Compliant products are software products that comply to OGC's OpenGIS Specifications. When a product has been tested and certified as compliant through the OGC Testing Program, the product is automatically registered as "compliant" on this site.

Implementing products are software products that implement OpenGIS Specifications but have not yet passed a compliance test. Compliance tests are not available for all specifications. Developers can register their products as implementing draft or approved specifications, though OGC reserves the right to review and verify each entry. South Korea has established a high-level National Geographic Information System (NGIS) that aligns with these global standards, integrating various spatial data through platforms like 'V-World.' This open-platform service provides high-resolution 3D maps and land information, serving as a key infrastructure for smart city development and public administration.

===Adding the dimension of time===

The condition of the Earth's surface, atmosphere, and subsurface can be examined by feeding satellite data into a GIS. GIS technology gives researchers the ability to examine the variations in Earth processes over days, months, and years through the use of cartographic visualizations. As an example, the changes in vegetation vigor through a growing season can be animated to determine when drought was most extensive in a particular region. The resulting graphic represents a rough measure of plant health. Working with two variables over time would then allow researchers to detect regional differences in the lag between a decline in rainfall and its effect on vegetation.

GIS technology and the availability of digital data on regional and global scales enable such analyses. The satellite sensor output used to generate a vegetation graphic is produced for example by the advanced very-high-resolution radiometer (AVHRR). This sensor system detects the amounts of energy reflected from the Earth's surface across various bands of the spectrum for surface areas of about 1 km2. The satellite sensor produces images of a particular location on the Earth twice a day. AVHRR and more recently the moderate-resolution imaging spectroradiometer (MODIS) are only two of many sensor systems used for Earth surface analysis.

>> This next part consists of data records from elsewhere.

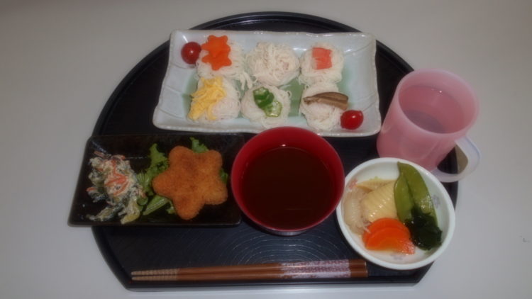 ベルフラワーのお客様方も、昼食は豪華な行事食をいただきました。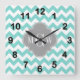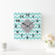 Turq / Aqua Wht Chevron Grey 3 Initial Monogram Square Wall Clock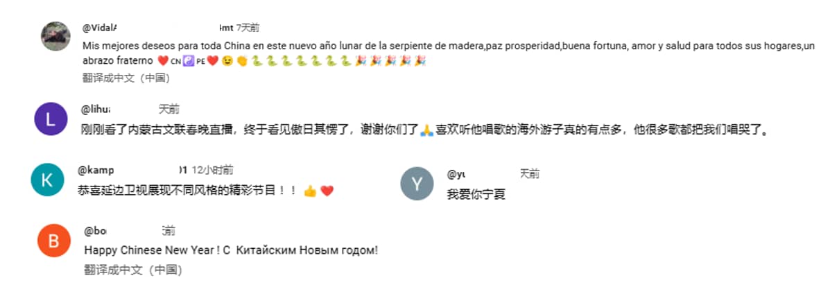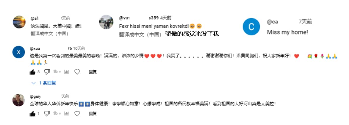 在评论区,来自世界各地的观众纷纷留言,不仅表达新年祝福,也传递着对中华文化的热爱与共鸣——“骄傲的感觉淹没了我!”、“泱泱国风,大美中国!”、“Miss my home”……无论是身在异国的华人,还是被中国文化吸引的海外观众,大家都在这场文化盛宴中找到共鸣,让春节成为全球共同的节日。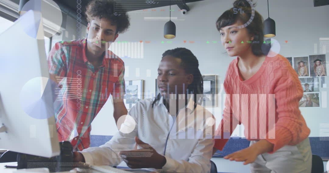 Diverse group of professionals standing around a desk, discussing and analyzing market data displayed on a monitor. Digital graphics overlay as visual presentation of data charts and stock market information. Perfect for content depicting technology on business reports, cryptocurrency trends, efficient teamwork, and data-driven decision making.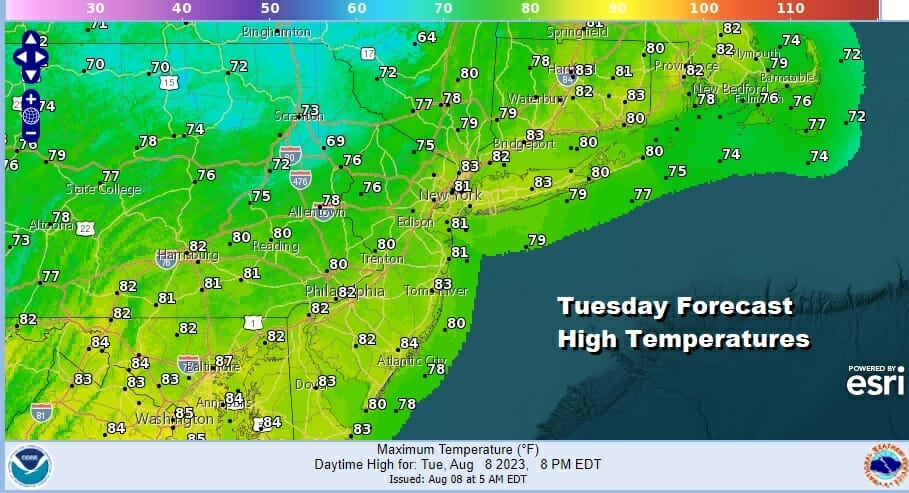 Since we are still dealing with the upper trough a shower or thunderstorm popping up can’t be ruled out see will give it a mention today for Eastern Pennsylvania to Southern New England with a higher chance in Southern and Southeastern New England. Otherwise it is a mix of sun and clouds today with highs reaching into the 80s. Dew points will be lower than yesterday, so yes it will be less humid. Then again anything compared to yesterday is probably less humid. The exception to that will be the areas to the east where the dew points will still remain rather high today.

In addition to the integration of time in environmental studies, GIS is also being explored for its ability to track and model the progress of humans throughout their daily routines. A concrete example of progress in this area is the recent release of time-specific population data by the U.S. Census. In this data set, the populations of cities are shown for daytime and evening hours highlighting the pattern of concentration and dispersion generated by North American commuting patterns. The manipulation and generation of data required to produce this data would not have been possible without GIS.

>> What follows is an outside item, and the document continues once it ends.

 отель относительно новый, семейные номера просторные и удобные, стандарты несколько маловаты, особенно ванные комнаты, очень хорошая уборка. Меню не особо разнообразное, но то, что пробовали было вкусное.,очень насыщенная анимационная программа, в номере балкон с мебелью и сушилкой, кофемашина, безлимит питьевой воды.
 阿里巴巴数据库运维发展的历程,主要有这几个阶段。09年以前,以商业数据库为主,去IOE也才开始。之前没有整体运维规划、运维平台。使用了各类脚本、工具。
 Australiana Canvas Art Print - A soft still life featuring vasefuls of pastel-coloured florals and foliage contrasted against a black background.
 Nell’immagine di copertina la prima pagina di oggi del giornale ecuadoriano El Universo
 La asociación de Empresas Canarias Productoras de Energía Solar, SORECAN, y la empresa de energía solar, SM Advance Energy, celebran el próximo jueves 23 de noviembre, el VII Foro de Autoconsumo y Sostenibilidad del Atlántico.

Using models to project the data held by a GIS forward in time have enabled planners to test policy decisions using spatial decision support systems.

===Semantics===
Tools and technologies emerging from the World Wide Web Consortium's Semantic Web are proving useful for data integration problems in information systems. Correspondingly, such technologies have been proposed as a means to facilitate interoperability and data reuse among GIS applications and also to enable new analysis mechanisms.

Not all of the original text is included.